PROVIDED ENTRIES:
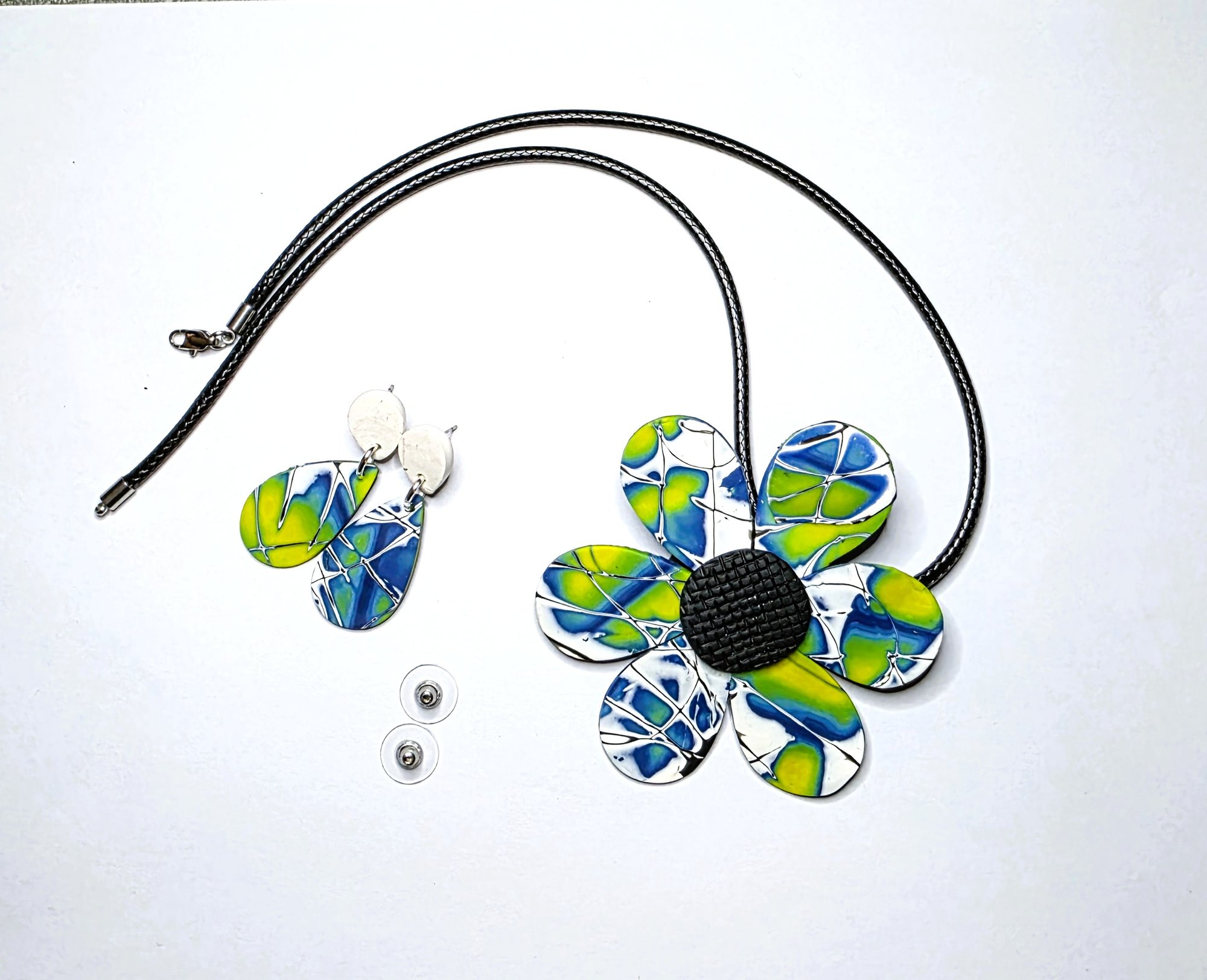 This 50cm long black cord necklace features a large 6 petal flower of handmade petals with a central black round, features stainless-steel findings, its light weight and easy care. The necklace sits just below the collar bone and looks great under a shirt collar for the office or with a more casual top for that outing with friends, with matching stud drops your outfit is complete.
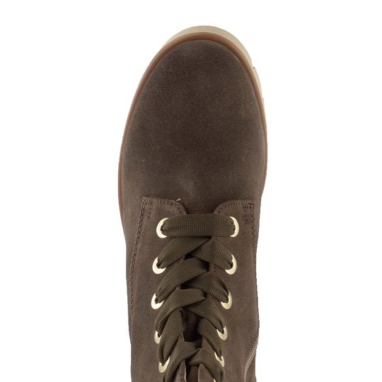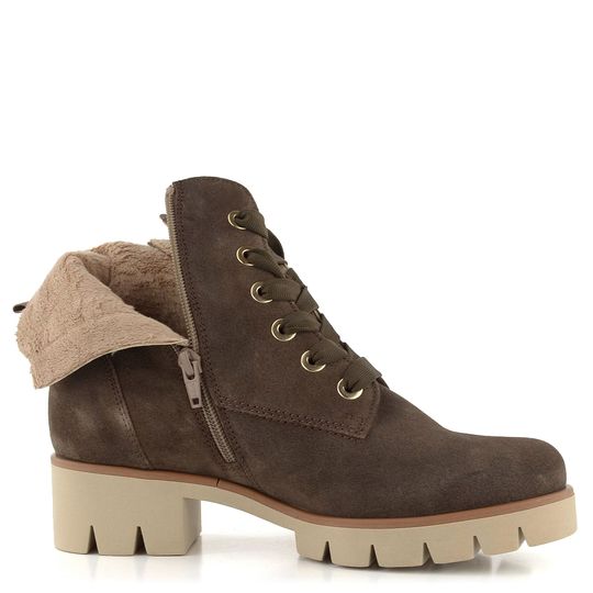 Dámská obuv ve stylu pohorek ze semišové kůže, s teplou podšívkou a s pěknými kovovými očky v provazování.
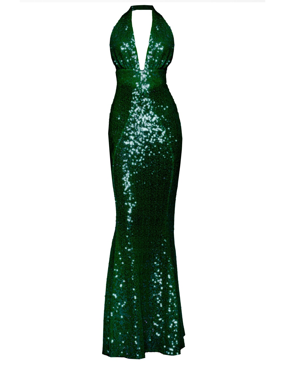 Este impresionante vestido verde esmeralda de lentejuelas con espalda abierta es la opción ideal para destacar en cualquier evento elegante o fiesta nocturna. El tono verde esmeralda, vibrante y sofisticado, se complementa a la perfección con el brillo de las lentejuelas, creando un efecto cautivador bajo las luces. Su diseño cuenta con un escote en pico profundo que realza de manera sutil el busto, mientras que la espalda abierta agrega un toque atrevido y seductor, dejando una impresión duradera en cualquier ocasión especial.
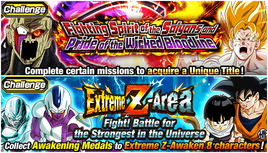 Dem Herausforderungsereignis „Fighting Spirit of the Saiyajins und Pride of the Wicked Bloodline“ wurden neue Stages hinzugefügt, fünf neue Extreme Z-Awakenable-Charaktere in „Fight! Battle for the Strongest in the Universe“ und mehr sind ab sofort im Spiel verfügbar !
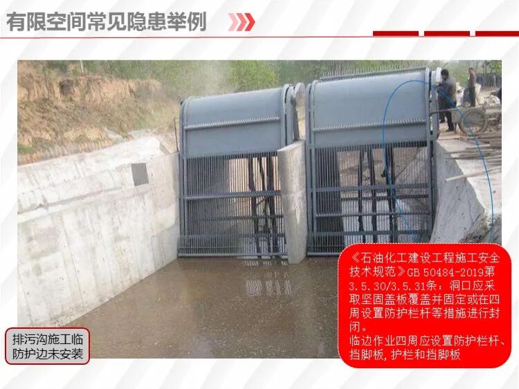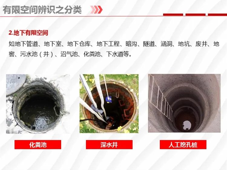什么是有限空間? 有限空間是指,封閉或者部分封閉,與外界相對隔離,出入口較為狹窄,作業(yè)人員不能長時間在內(nèi)工作,自然通風(fēng)不良,易造成有毒有害、易燃易爆物質(zhì)積聚或者氧含量不足的空間。 有限空間長啥樣? 還有 還有 還有……
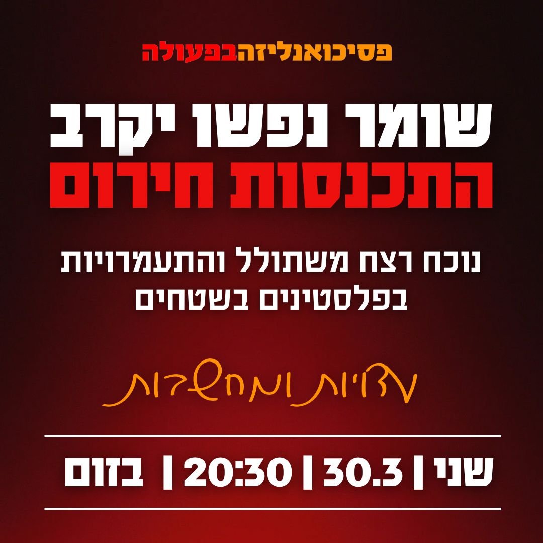 في 30.3، عُقدت الندوة عبر الإنترنت (ويبينار) بعنوان: “من يصون نفسه فليقترب” – بتنظيم من المعاهد التحليلية النفسية، حول العنف في الضفة الغربية.
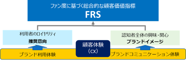 「FRS」は見えにくいCXの効果を「見える化」する指標です。CXの評価や向上をサポートするとともに、従来の顧客ロイヤリティを計測する指標では推定が困難な「商品未購入者」や「サービス未利用者」の将来の顧客化可能性を推定できる要素も含んでおり、企業の将来性を示す新しい指標となります。
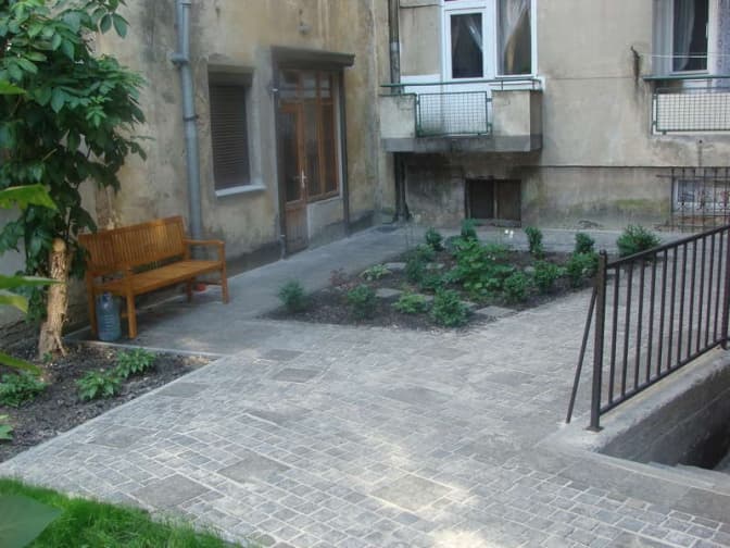 Зокрема, у внутрішньому подвір’ї на вул. Дрогобича, 10 минулого року було розплановано площі двору та замощено бруківкою з граніту. У цьому році впорядковано зелену зону. Були встановлені елементи благоустрою, а саме: пергола та решітки для рослин, лавки для сидіння, дерев’яні лежаки, а також влаштовано газон, висаджено кущі та багаторічні рослини.
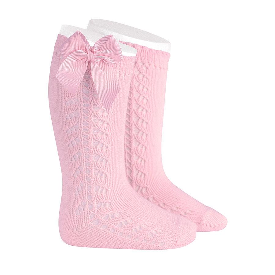 Calcetines altos para bebé fabricados en 100% algodón perlé con borlas a tono. Disponibles en talla 000 de (0-3 meses) a 1 año
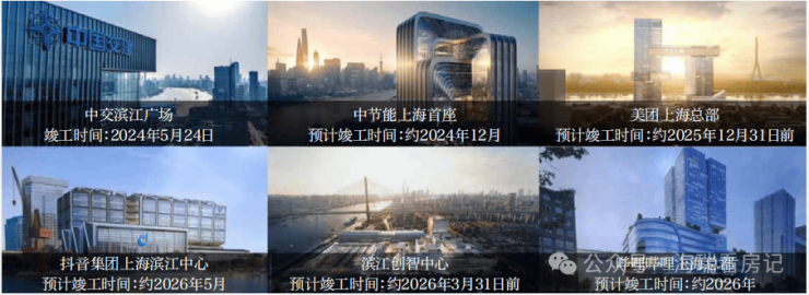 如在建的美团上海科技中心、哔哩哔哩新世代产业园、抖音集团上海滨江中心、中交集团上海总部、中节能上海首座项目、杨浦滨江创智中心等重大项目都将于2026年底左右陆续竣工并投用。
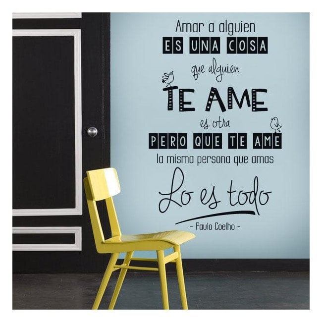 “Amar a alguien es una cosa. Que alguien te ame es otra. Pero que te ame la misma persona que amas lo es todo”., con esta bonita frase de Paulo Coelho en Vinilos Casa ® te proponemos este exclusivo vinilo decorativo, con el que podrás decorar paredes, decorar cristales, decorar puertas, decorar armarios, decorar objetos, decorar tiendas, decorar salones, decorar comercios, decorar escaparates, decorar habitaciones, etc... de forma rápida, fácil y muy económica. Este vinilo decorativo es una buena opción para decorar habitaciones juveniles. En Vinilos Casa ® todos nuestros vinilos decorativos, adhesivos para paredes o pegatinas para paredes son fabricados con materiales de alta calidad, garantizándote así un producto duradero y al mejor precio del mercado. Este vinilo decorativo es ideal para decorar interiores o decorar exteriores.
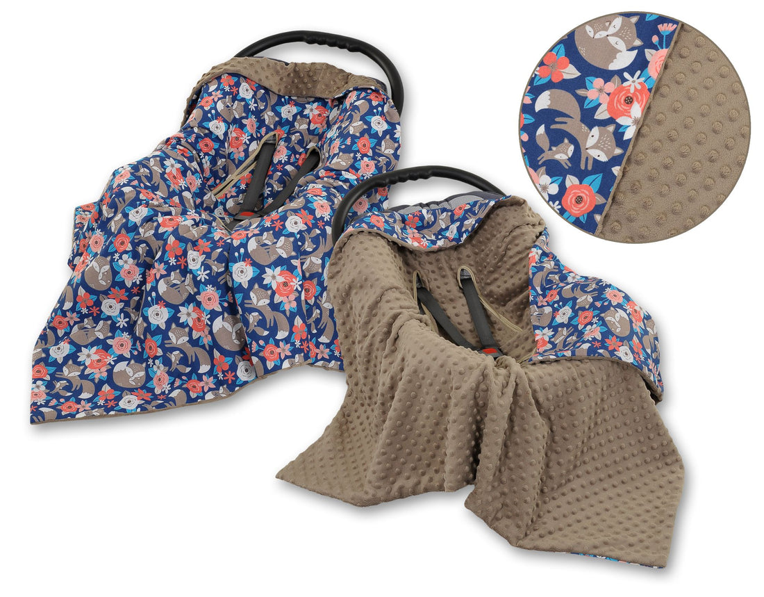 Stor dubbelsidig bilbarnstolsfilt - Fox family i blått/brunt Denna stora, dubbelsidiga bilbarnstolsfilt är speciellt utformad...
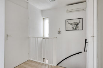 Via de trapopgang in de entree bereiken we de overloop van de eerste verdieping. Deze overloop is voorzien van een airconditioningssysteem en biedt toegang tot de drie slaapkamers, de badkamer en de zolder via een vlizotrap.
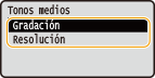 Seleccione <Priorizar resolución> o <Priorizar gradación>
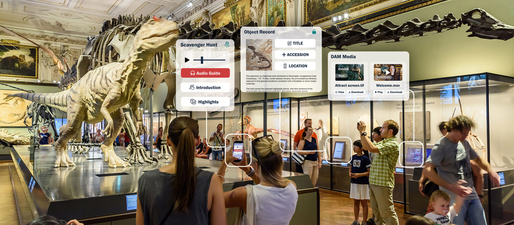 Activate the public with mobile guides, scavenger hunts, in-gallery touchscreens, online exhibitions, and distance learning.
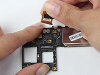 Remove the motherboard from the phone by prying it up with the plastic opening tool.
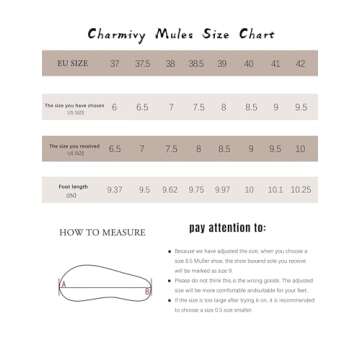 Charmivy mules run small, so we recommend choosing a size up. The mules you receive will be 0.5 size larger than your selection.
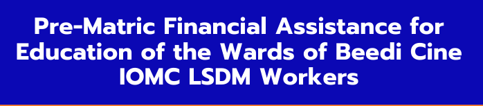 A scholarship scheme by the Directorate of Social Welfare, Ministry of Labour and Employment wherein financial assistance for education is provided to the Wards of Beedi/Iron Ore Mines, Manganese Ore & Chrome Ore Mines (IOMC)/Limestone Mines, Dolomite Mines (LSDM)/Mica Mines and Cine Workers, varying from ₹1,000/- to ₹25,000/- per student per annum. The benefits under the scheme are being transferred through the DBT system and the applications under this scheme are invited and processed through the National Scholarship Portal. The Applicant must have passed the last qualifying examination on the first attempt. However, Students promoted to the next class are also eligible to apply for the above scholarships. Candidates for the award of scholarships should have taken regular admission for studies at recognized institutions in India in any course of general or technical education, including medical, engineering, and agricultural studies.
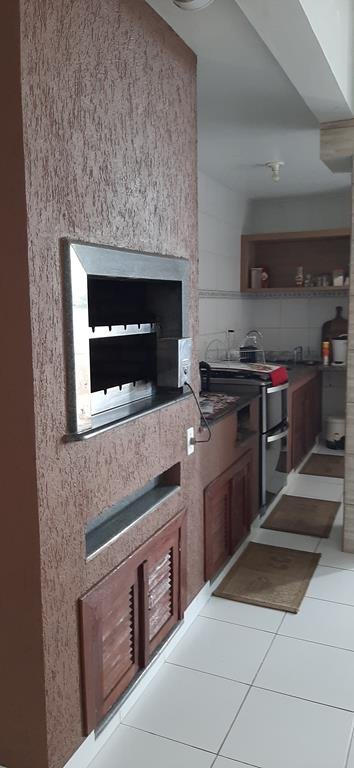 No primeiro piso ampla área social com churrasqueira elétrica, geladeira inverse, sala de estar, lavabo, cozinha convencional totalmente equipada, varanda.

REQUIREMENT:
Once the pictures are removed, write out all of the entries above exactly.

RESULT OF THE EXERCISE:
 This 50cm long black cord necklace features a large 6 petal flower of handmade petals with a central black round, features stainless-steel findings, its light weight and easy care. The necklace sits just below the collar bone and looks great under a shirt collar for the office or with a more casual top for that outing with friends, with matching stud drops your outfit is complete.
 Dámská obuv ve stylu pohorek ze semišové kůže, s teplou podšívkou a s pěknými kovovými očky v provazování.
 Este impresionante vestido verde esmeralda de lentejuelas con espalda abierta es la opción ideal para destacar en cualquier evento elegante o fiesta nocturna. El tono verde esmeralda, vibrante y sofisticado, se complementa a la perfección con el brillo de las lentejuelas, creando un efecto cautivador bajo las luces. Su diseño cuenta con un escote en pico profundo que realza de manera sutil el busto, mientras que la espalda abierta agrega un toque atrevido y seductor, dejando una impresión duradera en cualquier ocasión especial.
 Dem Herausforderungsereignis „Fighting Spirit of the Saiyajins und Pride of the Wicked Bloodline“ wurden neue Stages hinzugefügt, fünf neue Extreme Z-Awakenable-Charaktere in „Fight! Battle for the Strongest in the Universe“ und mehr sind ab sofort im Spiel verfügbar !
什么是有限空間? 有限空間是指,封閉或者部分封閉,與外界相對隔離,出入口較為狹窄,作業(yè)人員不能長時間在內(nèi)工作,自然通風(fēng)不良,易造成有毒有害、易燃易爆物質(zhì)積聚或者氧含量不足的空間。 有限空間長啥樣? 還有 還有 還有……
 في 30.3، عُقدت الندوة عبر الإنترنت (ويبينار) بعنوان: “من يصون نفسه فليقترب” – بتنظيم من المعاهد التحليلية النفسية، حول العنف في الضفة الغربية.
 「FRS」は見えにくいCXの効果を「見える化」する指標です。CXの評価や向上をサポートするとともに、従来の顧客ロイヤリティを計測する指標では推定が困難な「商品未購入者」や「サービス未利用者」の将来の顧客化可能性を推定できる要素も含んでおり、企業の将来性を示す新しい指標となります。
 Зокрема, у внутрішньому подвір’ї на вул. Дрогобича, 10 минулого року було розплановано площі двору та замощено бруківкою з граніту. У цьому році впорядковано зелену зону. Були встановлені елементи благоустрою, а саме: пергола та решітки для рослин, лавки для сидіння, дерев’яні лежаки, а також влаштовано газон, висаджено кущі та багаторічні рослини.
 Calcetines altos para bebé fabricados en 100% algodón perlé con borlas a tono. Disponibles en talla 000 de (0-3 meses) a 1 año
 如在建的美团上海科技中心、哔哩哔哩新世代产业园、抖音集团上海滨江中心、中交集团上海总部、中节能上海首座项目、杨浦滨江创智中心等重大项目都将于2026年底左右陆续竣工并投用。
 “Amar a alguien es una cosa. Que alguien te ame es otra. Pero que te ame la misma persona que amas lo es todo”., con esta bonita frase de Paulo Coelho en Vinilos Casa ® te proponemos este exclusivo vinilo decorativo, con el que podrás decorar paredes, decorar cristales, decorar puertas, decorar armarios, decorar objetos, decorar tiendas, decorar salones, decorar comercios, decorar escaparates, decorar habitaciones, etc... de forma rápida, fácil y muy económica. Este vinilo decorativo es una buena opción para decorar habitaciones juveniles. En Vinilos Casa ® todos nuestros vinilos decorativos, adhesivos para paredes o pegatinas para paredes son fabricados con materiales de alta calidad, garantizándote así un producto duradero y al mejor precio del mercado. Este vinilo decorativo es ideal para decorar interiores o decorar exteriores.
 Stor dubbelsidig bilbarnstolsfilt - Fox family i blått/brunt Denna stora, dubbelsidiga bilbarnstolsfilt är speciellt utformad...
 Via de trapopgang in de entree bereiken we de overloop van de eerste verdieping. Deze overloop is voorzien van een airconditioningssysteem en biedt toegang tot de drie slaapkamers, de badkamer en de zolder via een vlizotrap.
 Seleccione <Priorizar resolución> o <Priorizar gradación>
 Activate the public with mobile guides, scavenger hunts, in-gallery touchscreens, online exhibitions, and distance learning.
 Remove the motherboard from the phone by prying it up with the plastic opening tool.
 Charmivy mules run small, so we recommend choosing a size up. The mules you receive will be 0.5 size larger than your selection.
 A scholarship scheme by the Directorate of Social Welfare, Ministry of Labour and Employment wherein financial assistance for education is provided to the Wards of Beedi/Iron Ore Mines, Manganese Ore & Chrome Ore Mines (IOMC)/Limestone Mines, Dolomite Mines (LSDM)/Mica Mines and Cine Workers, varying from ₹1,000/- to ₹25,000/- per student per annum. The benefits under the scheme are being transferred through the DBT system and the applications under this scheme are invited and processed through the National Scholarship Portal. The Applicant must have passed the last qualifying examination on the first attempt. However, Students promoted to the next class are also eligible to apply for the above scholarships. Candidates for the award of scholarships should have taken regular admission for studies at recognized institutions in India in any course of general or technical education, including medical, engineering, and agricultural studies.
 No primeiro piso ampla área social com churrasqueira elétrica, geladeira inverse, sala de estar, lavabo, cozinha convencional totalmente equipada, varanda.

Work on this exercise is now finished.